As Chen explained, “Brand meaning is not there from day one; it is built through the journey. The channels you enter, the consumers you win, the retail stages you stand on, the credibility you build over time—all of that becomes part of the brand’s meaning.”

Globalization Strategies That Work

As more C-beauty brands expand abroad, they’re penning a new playbook on what it means to localize effectively. Beyond understanding local culture, regulations, and channels, “truly effective globalization is not exporting the brand but letting it take root and grow locally,” Declercq defined.

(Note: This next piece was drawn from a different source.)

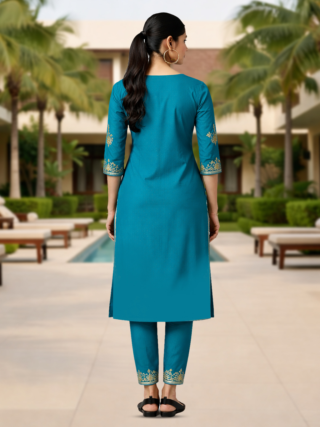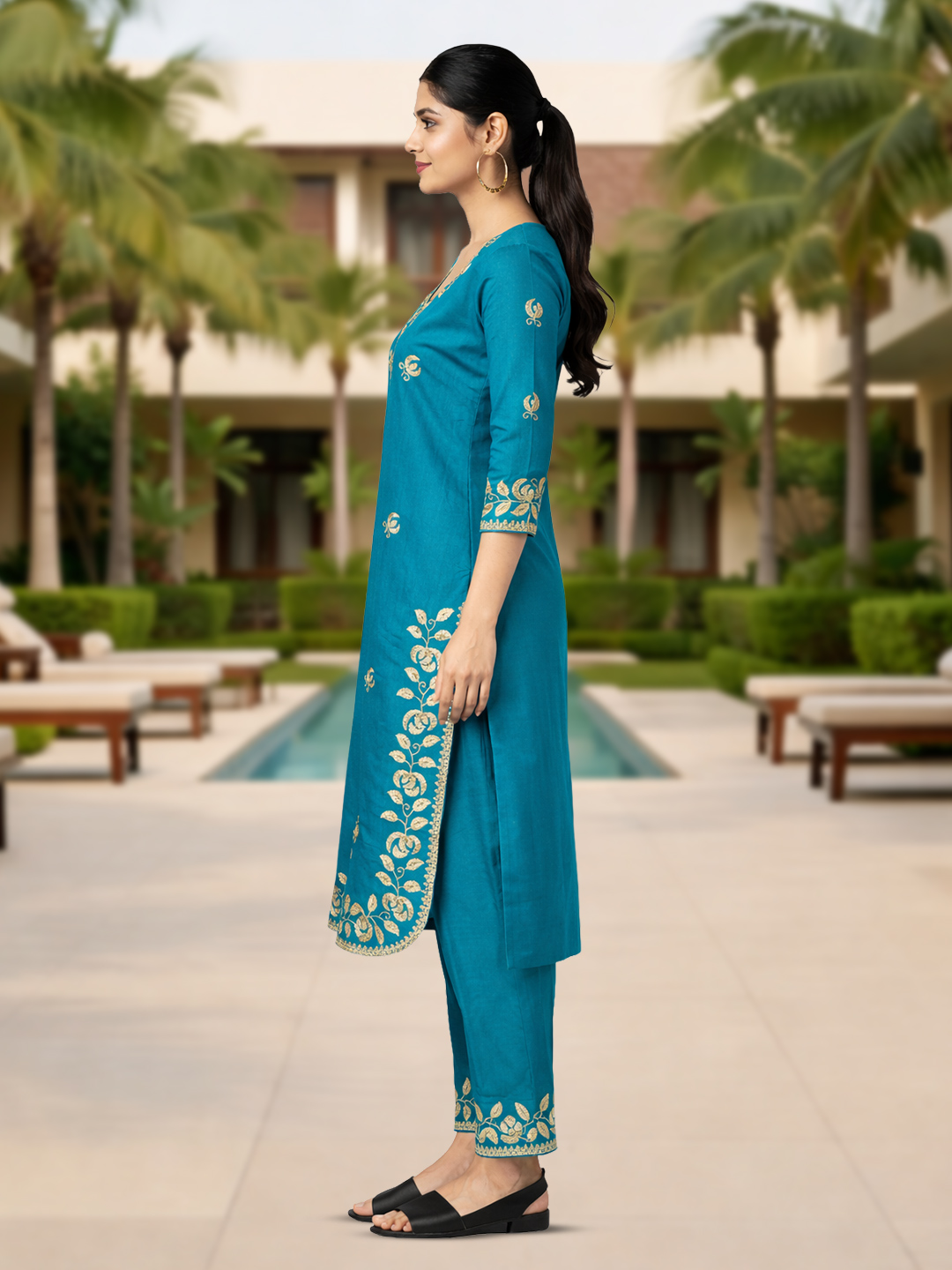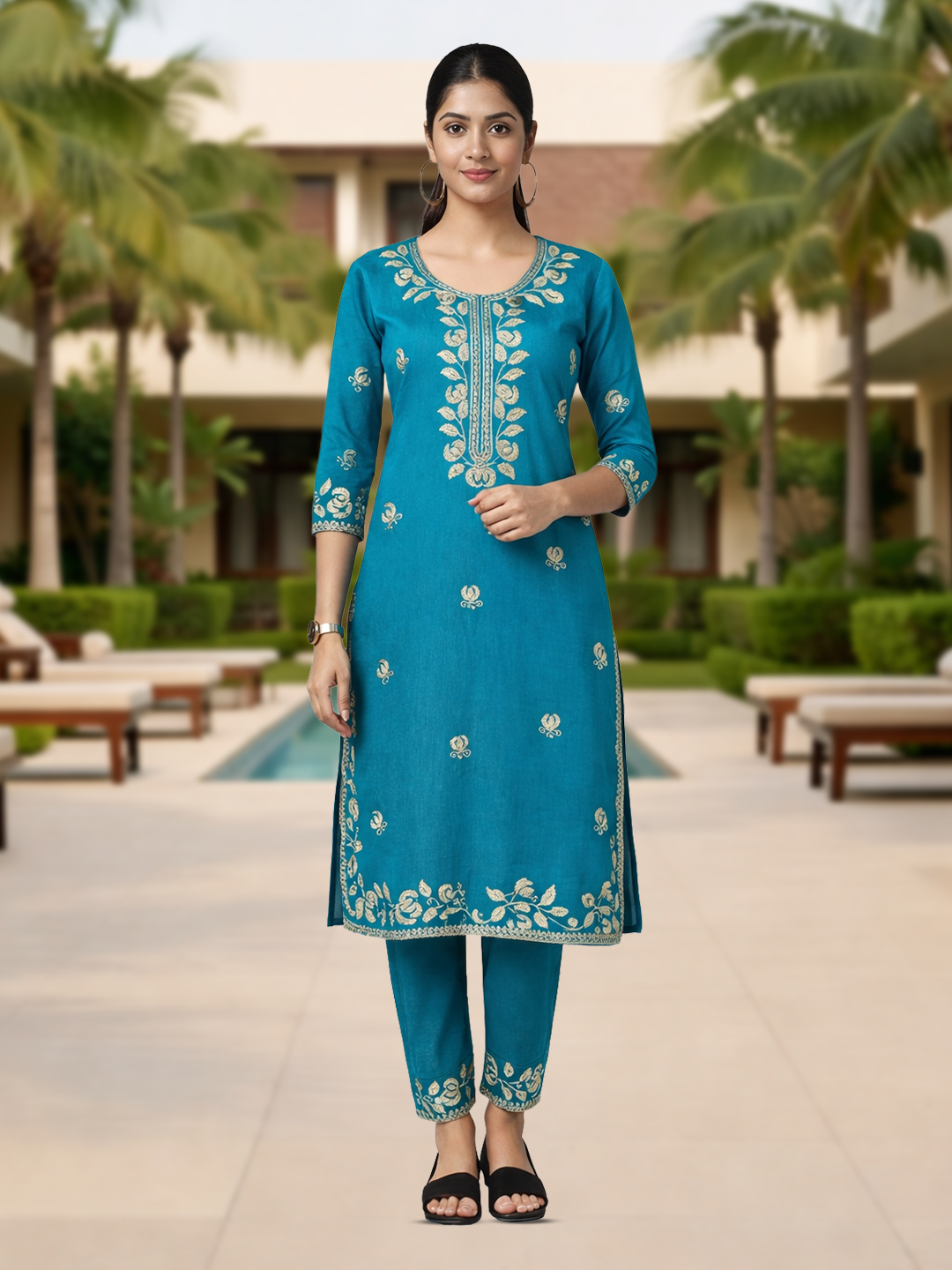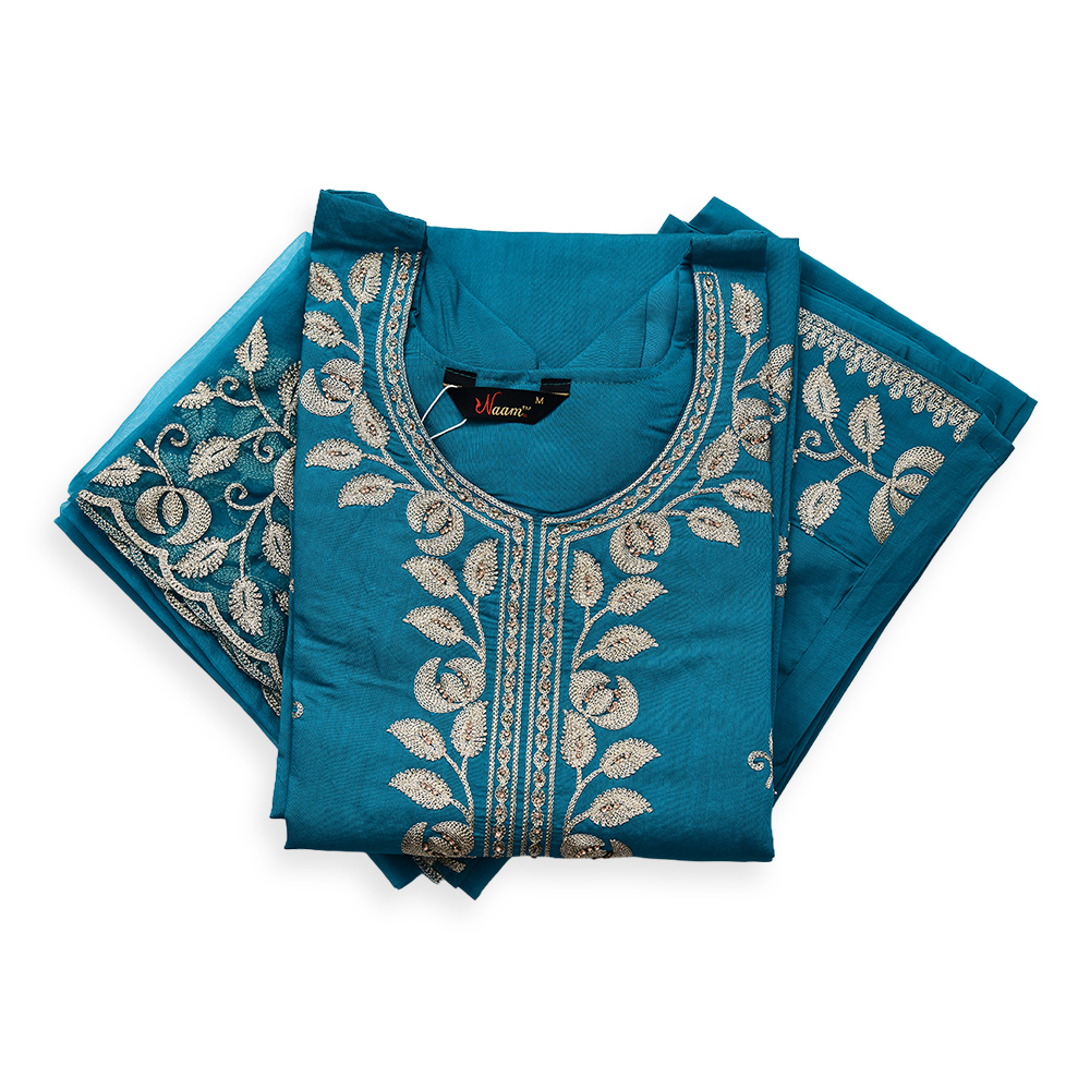 Step into effortless elegance with this teal straight-cut salwar suit set, adorned with delicate floral embroidery. The soothing color paired with intricate detailing on the neckline, sleeves, and hem creates a refined ethnic look. Designed with breathable fabric and a graceful silhouette, it ensures all-day comfort while keeping your style on point.

For Flower Knows, globalization starts with building community before scaling distribution, including investing in localized content and creator collaborations. “This allows us to validate demand and establish cultural relevance before expanding into physical channels,” said Fang, noting that retail partnerships with Ulta Beauty, Boots, and Urban Outfitters were built on a strong community foundation.

Joy Group also localizes content, supported by teams across Southeast Asia and the Middle East but goes one step further, prioritizing “brand globalization” over simple product exports.

“Localized content alone is insufficient without products developed for local consumers,” Tang argued. She noted that Judydoll launches new products and exclusive shades tailored to skin tones, makeup preferences, usage habits, and aesthetic trends in each market, such as a full line of sun cushions and pressed powders for Southeast Asian consumers.

Florasis takes a different approach, focusing on demonstrating the unique value of Chinese beauty beyond its origin. This looks like spotlighting strong product and supply chain capabilities, rapid response speed, a distinct aesthetic language, and a compelling story that global consumers can understand and believe in.

“I believe C-beauty will have its moment in the next three to five years. The product quality is already there. What will determine who truly breaks through is not who is cheaper, but who can tell the C-beauty story well and build real brand meaning over time,” Chen concluded.